八枚落ちのとき、歩美ちゃんに勝ったのが、この戦法だもん。
「3六歩〜3五歩のあと、銀をどんどん前進させるんだよね?」
「正解」
やったね。今日は勘が冴えてるかな。でも……。
「4五歩との関係は? 3筋を攻めるなら、4五歩は要らなくない?」
「じゃあ、4六歩〜4五歩としないパターンを考えるわね。4六歩に代えて3六歩なら、上手は5三銀として、3五歩、4四歩、3八飛、4二銀上、3四歩、同歩、同飛、3三歩、3八飛、4三銀」
「上手はこうやって、中央を厚くできるの」
うーん、なんとなく分かったかな。
要するに、4五歩と突いた方が、上手が窮屈ってことだよね。
でもでも、次に4八銀〜3七銀〜3六銀としていけば、いいんじゃないかな?
「銀を進出させればいいんじゃない?」
「もちろん、そうよ。二枚落ちは、上手が最初から不利なんだから、定跡を離れても悪くはならないわ。でもね、4六歩〜4五歩の形で3四歩と突いた方が、厳しいのよ」
「何で?」
「やってみましょうか。4六歩、5三銀、4五歩、6二金、3六歩、3二金、3五歩、4二銀上、3八飛、5二玉。ここで、3四歩と突いてみるわね」
「さて、上手はどうする?」
どうするって言われても、することはひとつじゃないかな?
「同歩でしょ?」
「それは、1一角成」
あッ……。
「いきなり香車を取られて終了よ」
……だね。馬もできてるし、いきなり敗勢になってるね。
ということは、同歩とできないんだ。だったら……。
「取らないで、放置するよ。……6四歩かな?」
「放置したら、3三歩成よ?」
「同銀でよくない?」
「3四歩」
「これを同銀なら、また1一角成よ」
「……2二銀」
「そこで4八銀ね」
「ほら、4六歩〜4五歩の方が、ずっといいでしょ」
うーん、ほんとだ、納得。
上手が、プレッシャーをかけられまくってるね。
「じゃあ、二枚落ちって、そこまで難しくないのかな?」
「と思うかもしれないけど、難しいのよ。さっきの駒組みは、二歩突っ切り定跡の本筋じゃなくて、4六歩〜4五歩の効果を明らかにしたかっただけ。
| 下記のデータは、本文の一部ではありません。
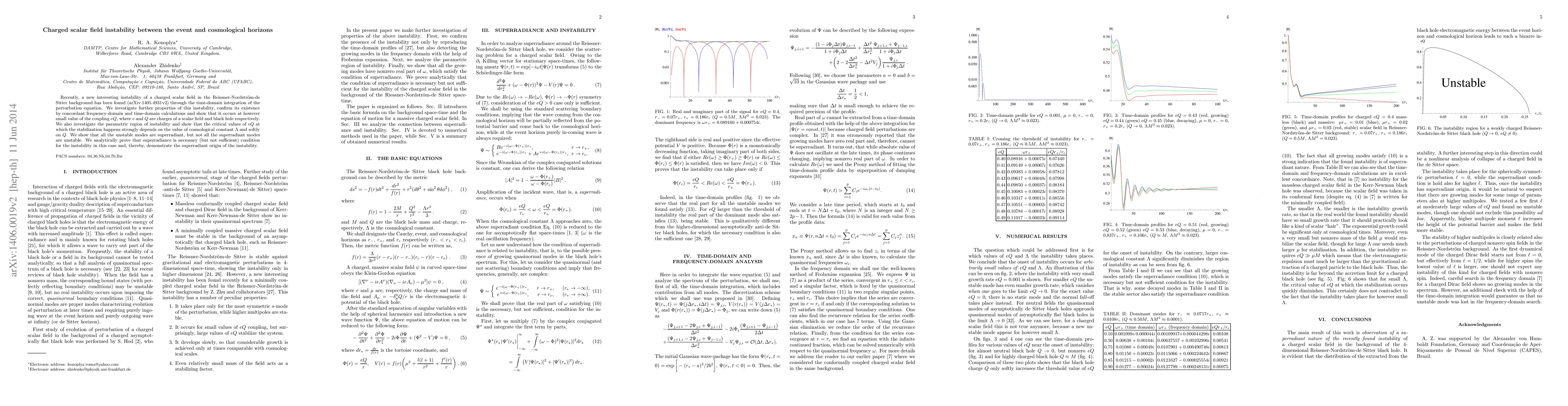 Recently, a new interesting instability of a charged scalar field in the Reissner-Nordstr\"om-de Sitter background has been found (arXiv:1405.4931v2) through the time-domain integration of the perturbation equation. We investigate further properties of this instability, confirm its existence by concordant frequency-domain and time-domain calculations and show that it occurs at however small value of the coupling eQ, where e and Q are charges of a scalar field and black hole respectively. We also investigate the parametric region of instability and show that the critical values of eQ at which the stabilization happens strongly depends on the value of cosmological constant $\Lambda$ and softly on Q. We show that all the unstable modes are superradiant, but not all the superradiant modes are unstable. We analytically prove that superradiance is necessary (but not sufficient) condition for the instability in this case and, thereby, demonstrate the superradiant origin of the instability.
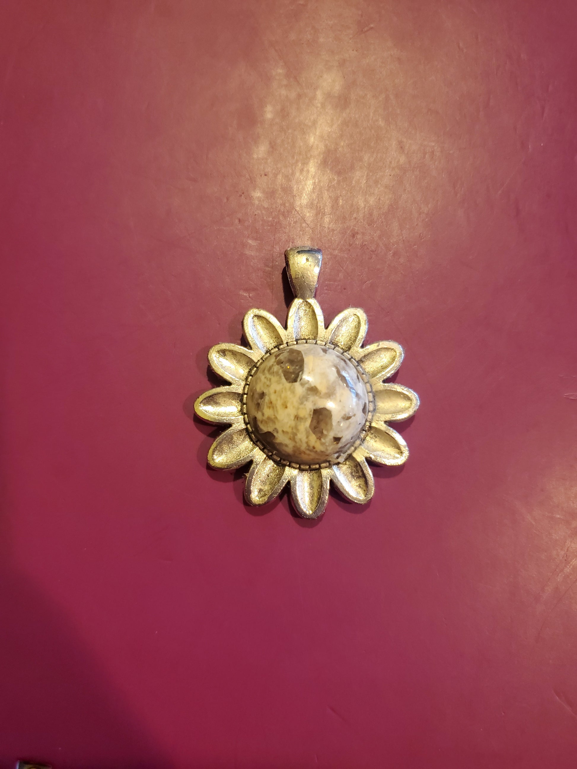 This pegmatite from Homestake Pass Montana has big chunks of Smokey Quartz in it! Really unique material. The pendant is a hypoallergenic zinc.
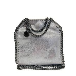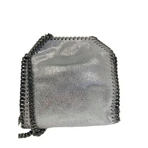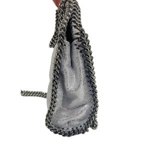 Elegant silver crossbody bag. Features chain detailing. Perfect for any occasion.
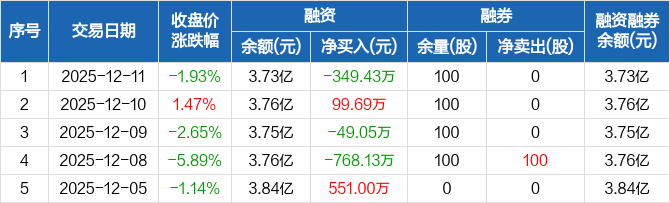 星帅尔:融资净偿还349.43万元,融资余额3.73亿元(12-11)
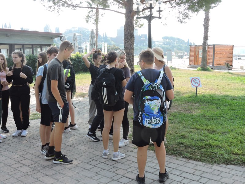 Ne moremo verjeti, danes je že četrtek, jutri gremo domov . Po opravljenem zajtrku in telovadbi,  smo se odpravili v Portorož, na vrsti je bil turizem. Tega v Portorožu res ne manjka. Grand hotel Bernardin *****je res nekaj posebnega. Za njim se nam je prikazal hotel Histrion**** .  Reševali učne liste, nato smo se pogovorili, kaj vse vpliva na turizem. Pot nas je vodila mimo slaščičarne. Kakšen sladoled. Mjami. Ste vedeli, da iz Portoroža lahko pridete v Strunjan skozi tunel, skozi njega je nekoč vozila železnica. V Strunjanu blizu solin se je podoba kraja močno spremenila. Najbolj nas je impresionirala naravna stena iz klifa. Čudovito. Pešačili smo mimo Pacuga in končno uspeli priti v Breženko. To pa je bil pohod in pol. Samo, da zvečer ne bi spet pešačili. Ko smo se najedli, naenkrat nismo bili več utrujeni, saj je bil prosti čas za odbojko, družabne igre, druženje. Čakali sta nas še dve vsebini: raziskovali smo obrežni pas morja. Ugotovili smo, da se morje zelo spreminja zaradi podnebnih sprememb. Saj drugače se 12. oktobra ne bi mogli kopati. Nato smo pripravili školjke na istrski način. Ta se razlikuje od dalmatinskeg. V istrskem  ne uporabljamo paradižnikove mezge.  Sami smo pripravili školjke pod učiteljevim vodstvom. Veste, da me zelo mika, da vam izdam, kdo sta bila kuharja. Imam čudovite posnetke, ki bodo zagledali luč na valeti. Zato vljudno vabljeni na našo valeto, kjer bo prikazano vse, kar ni za širšo javnost. Po večerji smo imeli zaključni ples. Srčki so kar poskakovali po plesišču. Mogoče  bi ostali še kakšen dan? Jutri pa že domov. Lahko noč.
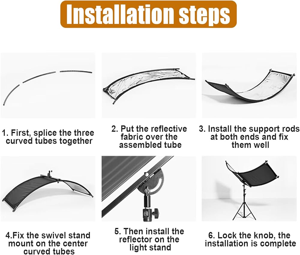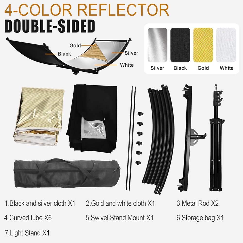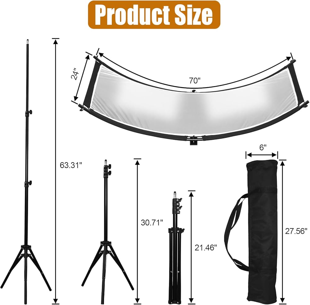 📷【𝑷𝒂𝒄𝒌𝒂𝒈𝒆 𝒄𝒐𝒏𝒕𝒆𝒏𝒕𝒔】: 1 x 70"x24" Clamshell Light Reflector (Four Colors:White, Gold, Silver, Black ); 1 x Light Stand; 1 x Carry Bag; 1 x Swivel Stand Mount; 6 x Curved Tube; 2 x Metal Rod. This curve reflector photography is Perfect for providing extra lighting for portraits and Head Shots, taking photos, making videos, making up,etc

本筋は、4五歩のあとに、6二金と様子を見て、3六歩、3二金、3五歩、5二玉」
うぅ、また難しいよ。
一手一手の意味が、見えてこないかな。
「えーと、4五歩のあとに、6二金は何で?」
「バランスの問題ね。さっきも言った通り、金銀を、なるべく中央に集めたいの。候補としては、6二金、5二金右、5二金左、4二金、4二銀が考えられるでしょ。で、上手は3六歩〜3五歩と攻められたとき、2二銀としないといけないから、4二銀はないわ。同様に、3六歩〜3五歩に対しては、3二金ともしないといけないから、4二金、5二金左も消去。残りは6二金と5二金右だけど、5二金右は駒が片方に偏り過ぎるから、却下。というわけで残ったのは、6二金ね」
うーん、難しいね。私じゃ理解不能。
分かったのは、バランス重視ってことだけかな。
「オッケー、その次の手は?」
「下手は当初の作戦通り、3六歩。上手は3二金と上がるわ」
「この狙いは単純で、3筋を攻められそうだから、金でガードしてるわけね」
「あれ? 3筋は攻められないって言わなかった?」
「違う違う。あれは、『初手3二金で角成をガードする必要がない』ってだけ。この3二金は意味が違っていて、3六歩〜3五歩〜3八飛のガードよ」
……あ、なるほどね、角成じゃなくて、飛車の攻めを防いでるんだね。
「分かったよ、先をお願い」
「下手は3五歩と突いて、3筋を圧迫。ここで上手には、2通りの手が考えられるわね。ひとつは、3四歩を防いで、2二銀。もうひとつは、先に5二玉と様子を見る手」
【A図】
【B図】
あ、これはあれだね、変化を考えるパターンだね。
「どっちがいいの?」
「個人的な見解としては、どっちもあり。5二玉と2二銀の順番の問題」
うーん、そういうのが、一番困るよね。
レストランとかでも、「何でもいい」が一番困るし。
ただ、今の状況だと、それよりももっと気になることがあるね。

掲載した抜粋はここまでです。